→ **Exercise instructions**
For each line below with the word "Stuttgart", write out a copy.

Data in this exercise section start

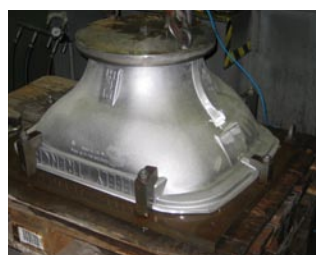
Kundenprüfstand zur Gehäuseprüfung auf Dichtheit
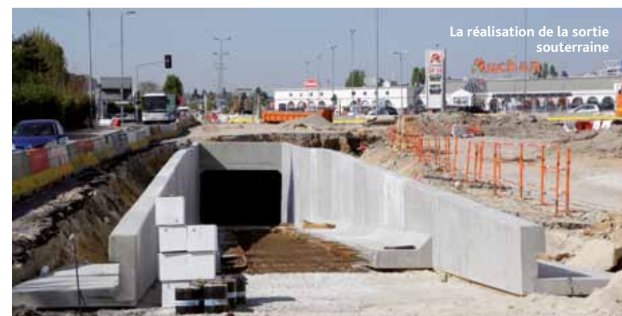
La réalisation de la sortie souterraine

Concernant l'avenue Pierre Mendès-France, la Communauté d'Agglomération Orléans Val de Loire, saisie par la Ville sur la nécessité de refaire cette artère, a convenu de réaliser, à terme, la réfection de la chaussée, la modernisation des installations d'éclairage public, et la création, côté sud de la voie, d'une contre-allée piétons vélos, etc. Ce, dans la section comprise entre la rue de la Cirerie (sortie actuelle d'Auchan) et la rocade ouest. La municipalité demande toujours que toute l'avenue soit rénovée par l'Agglo à l'issue du chantier Auchan.
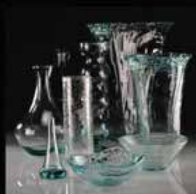
12-Flower vase & table ware
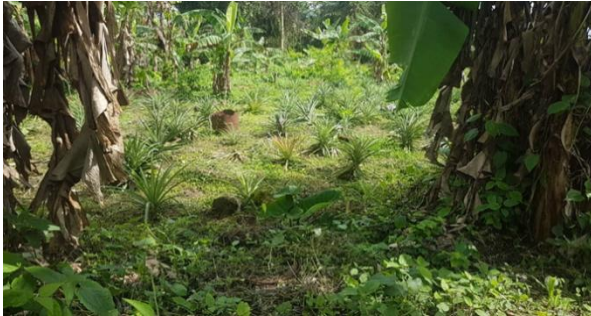
Fincas con algunos de los productos más demandados.
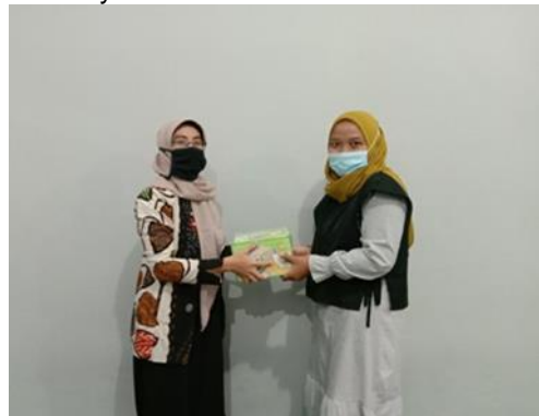
Gambar 1. Penyerahan gilingan pasta
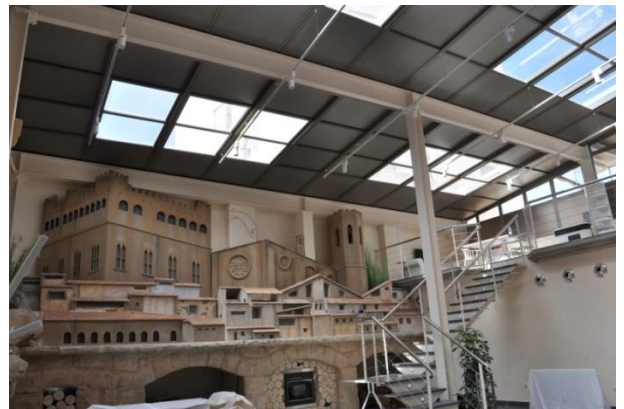
2019.10.2.001 AMPLIACION ALMACEN Y CERRAMIENTO TERRAZA EN HOTEL EL SALT
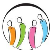
Mikhak Drop In Center

فعالیت های سال گذشته مرکز میخک به اختصار عبارت است از:
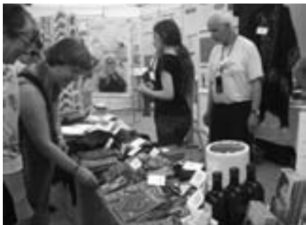
Auf dem Kirchentag in Stuttgart

Mit 16 Mitgliedern haben wir unseren Verein wieder drei Tage lang auf dem Markt der Möglichkeiten beim Evangelischen Kirchentag in Stuttgart präsentiert. Trotz großer Hitze war das Interesse an unseren Projekten, unseren Stickereien und an der Nakba-Ausstellung sehr groß. Es haben sich viele gute Gespräche und Diskussionen ergeben, so dass sich unsere Teilnahme erneut als fruchtbar herausgestellt hat.
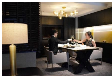
クロススイート イメージ

8月にリニューアルしたクロススイートの客室で、クリスマスディナーのフルコース、乾杯用のシャンパン、ケーキ「ビュッシュ・ド・ノエル」をご用意します。期間限定のクリスマスの装飾が施された空間で、特別な日をお過ごしください。
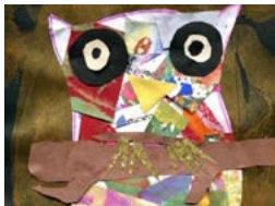
Shelley Blake-Knox Midnight Owl, Comox Valley
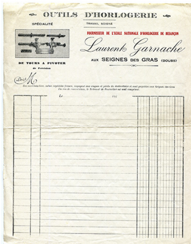
Papier à en-tête de Laurent Garnache-Barthod, années 1930. 25, Les Gras, 62 rue les Seignes, lieudit : les Seignes
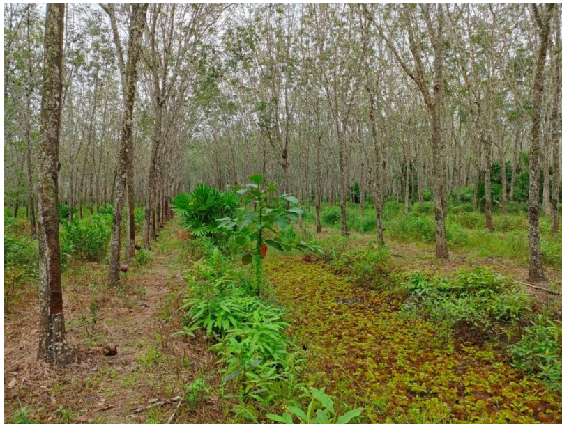
ภาพที่ 1 : ลักษณะสวนยางพารา SFC 0808 จังหวัดสงขลา

ผลการสำรวจความหลากหลายทางชีวภาพพรรณพืช บริเวณพื้นที่สวนยางพารา SFC 0808 จังหวัดสงขลา พบว่าเป็นสวนยางพารา(Genus) : Hevea สปีชีส์ (Species): brasiliensis ชื่อสามัญ (Common name) : para rubber ชื่อวิทยาศาสตร์ (Scientific name) : Hevea brasiliensis Mull-Arg. กระจายอยู่ทั่วไป (ภาพที่ 1)
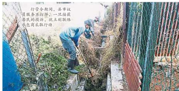
行管令期間，縣市議員服務不打烊，一旦接獲居民的投訴，就立刻聯絡承包商採取行動

(巴生19日訊)行管令期間，縣市議員服務不打烊！ 適耕莊C村民投訴住宅后方沟渠周遭和空地杂草丛生，担忧黑斑蚊滋生或沦为蛇虫鼠蚁的巢穴，严重威胁居家安全，所以向适耕莊C村管委會作出投訴。
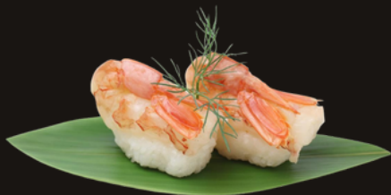
★ 314 NIGIRI AMAEBI 2PZ Riso, gambero rosso
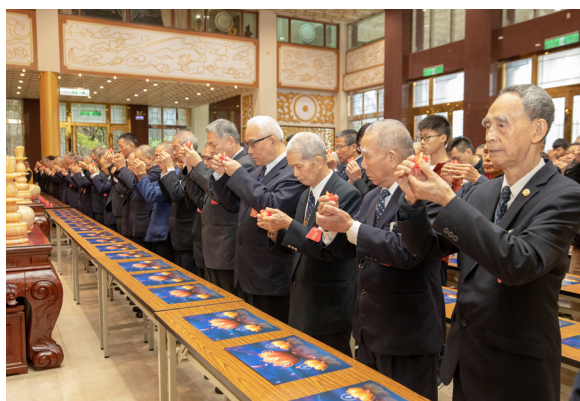
▲ 新春團拜，點燈祈福。
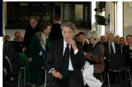
Massimo Moratti fa 80 anni: "Il Cardinal Martini mi chiese di fare il sindaco di Milano. Il rifiuto lo vivo come un peccato"
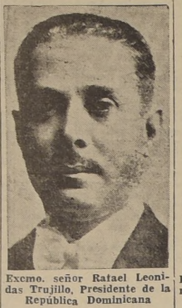
Excmo. señor Rafael Leonidas Trujillo, Presidente de la República Dominicana
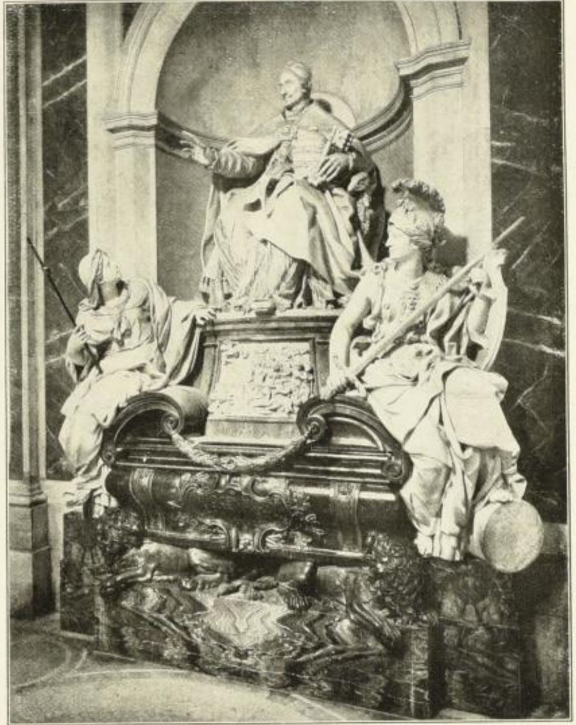
Innocenz XI. (Rom) Bildgröße wie im Buch
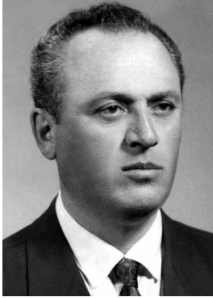
През 1956 г. по негово желание постъпва в ГС - гр. Исперих, като

Data in this exercise section end

→ **Exercise solution**
Auf dem Kirchentag in Stuttgart
Mit 16 Mitgliedern haben wir unseren Verein wieder drei Tage lang auf dem Markt der Möglichkeiten beim Evangelischen Kirchentag in Stuttgart präsentiert. Trotz großer Hitze war das Interesse an unseren Projekten, unseren Stickereien und an der Nakba-Ausstellung sehr groß. Es haben sich viele gute Gespräche und Diskussionen ergeben, so dass sich unsere Teilnahme erneut als fruchtbar herausgestellt hat.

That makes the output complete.